R

From 太極
Revision as of 16:27, 7 November 2012 by Brb (talk | contribs)
Jump to navigation Jump to search

CRAN local repository

How to set up a package repository

Guide: http://cran.r-project.org/doc/manuals/R-admin.html#Setting-up-a-package-repository

To create CRAN repository

Before creating a local repository please give a dry run first. You don't want to be surprised how long will it take to mirror a directory.

Dry run

rsync -avn cran.r-project.org::CRAN > crandryrun.txt

To mirror only partial repository, it is necessary to create directories before running rsync command.

mkdir /media/WD640/CRAN
mkdir /media/WD640/CRAN/bin
mkdir /media/WD640/CRAN/bin/windows
mkdir /media/WD640/CRAN/bin/windows/contrib
mkdir /media/WD640/CRAN/bin/windows/contrib/2.15
rsync -rtlzv --delete cran.r-project.org::CRAN/bin/windows/contrib/2.15/ /media/WD640/CRAN/bin/windows/contrib/2.15
(one line with space before /media)
rsync -rtlzv --delete cran.r-project.org::CRAN/src/ /media/WD640/CRAN/src/

And optionally

library(tools)
write_PACKAGES("/var/www/CRAN/bin/windows/contrib/2.15", type="win.binary") 
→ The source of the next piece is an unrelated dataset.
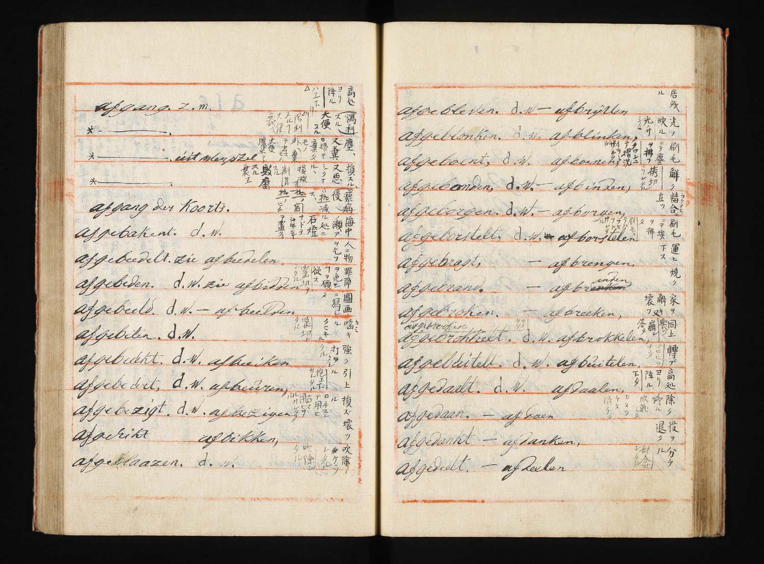 解説:波留麻和解(はるまわげ)は寛政8年(1796)に成立したわが国最初の蘭和辞書である。蘭学者稲村三伯(1759-1811)が石井恒右衛門、宇田川玄随らの協力を得て、オランダの出版業者フランソワ・ハルマ Francois Halma(1653-1722)の著わした蘭仏辞典 Woordenboek der Nederduitsche en Fransche Taale, 1708 を底本として、オランダ語の見出し語一つ一つに和訳語をあてたものである。また、稲村三伯のものとは別に、オランダ商館長ヘンデレキ・ドゥーフの指導のもとに、同じハルマの蘭仏辞典を用いて中山得十郎、吉雄権之助らが文化13年(1816)に完成させた蘭和辞書を「ドゥーフハルマ」もしくは「長崎ハルマ」と通称し、稲村三伯のものはこれに対して「江戸ハルマ」と呼ばれる。「波留麻和解」はその後の蘭学の発達や海外文献の翻訳の進展に、おおいに与って力があり、大きな影響を与えた文化史的意義の大きな資料である。たとえば、オランダ語の「ナトゥール」(natuur)に、もともと中国語で道教的な意味を持っていた「自然」という訳語をあてたのも、この「波留麻和解」においてであり、西洋文明と近代文明を受容してゆく過程において、日本語を大きく変え、ひいては日本人の意識を変える原動力ともなった書物ということができる。

We can use du -h to check the folder size.

To create Bioconductor repository

Dry run

rsync -avn bioconductor.org::2.11 > biocdryrun.txt

Then creates directories before running rsync.

The software part:

mkdir /media/WD640/Bioc/packages/2.11/bioc
mkdir /media/WD640/Bioc/packages/2.11/bioc/bin
mkdir /media/WD640/Bioc/packages/2.11/bioc/bin/windows
rsync -zrtlv  --delete bioconductor.org::2.11/bioc/bin/windows/ /media/WD640/Bioc/packages/2.11/bioc/bin/windows

and annotation part:

mkdir /media/WD640/Bioc/packages/2.11/data
mkdir /media/WD640/Bioc/packages/2.11/data/annotation
mkdir /media/WD640/Bioc/packages/2.11/data/annotation/bin
mkdir /media/WD640/Bioc/packages/2.11/data/annotation/bin/windows
rsync -zrtlv --delete bioconductor.org::2.11/data/annotation/bin/windows/ /media/WD640/Bioc/packages/2.11/data/annotation/bin/windows

To test local repository

To test CRAN

r <- getOption("repos"); r["CRAN"] <- "http://arraytools.no-ip.org/CRAN"
options(repos=r)
install.packages("pamr")

To test Bioconductor

options("BioC_mirror" = "http://arraytools.no-ip.org/Bioc")
source("http://bioconductor.org/biocLite.R")
# This source biocLite.R line can be placed either before or after the previous 2 lines
biocLite("aCGH")

If there is a connection problem, check folder attributes.

chmod -R 755 ~/CRAN/bin

Note that if a binary package was created for R 2.15.1, then it can be installed under R 2.15.1 but not R 2.15.2. The R console will show package xxx is not available (for R version 2.15.2).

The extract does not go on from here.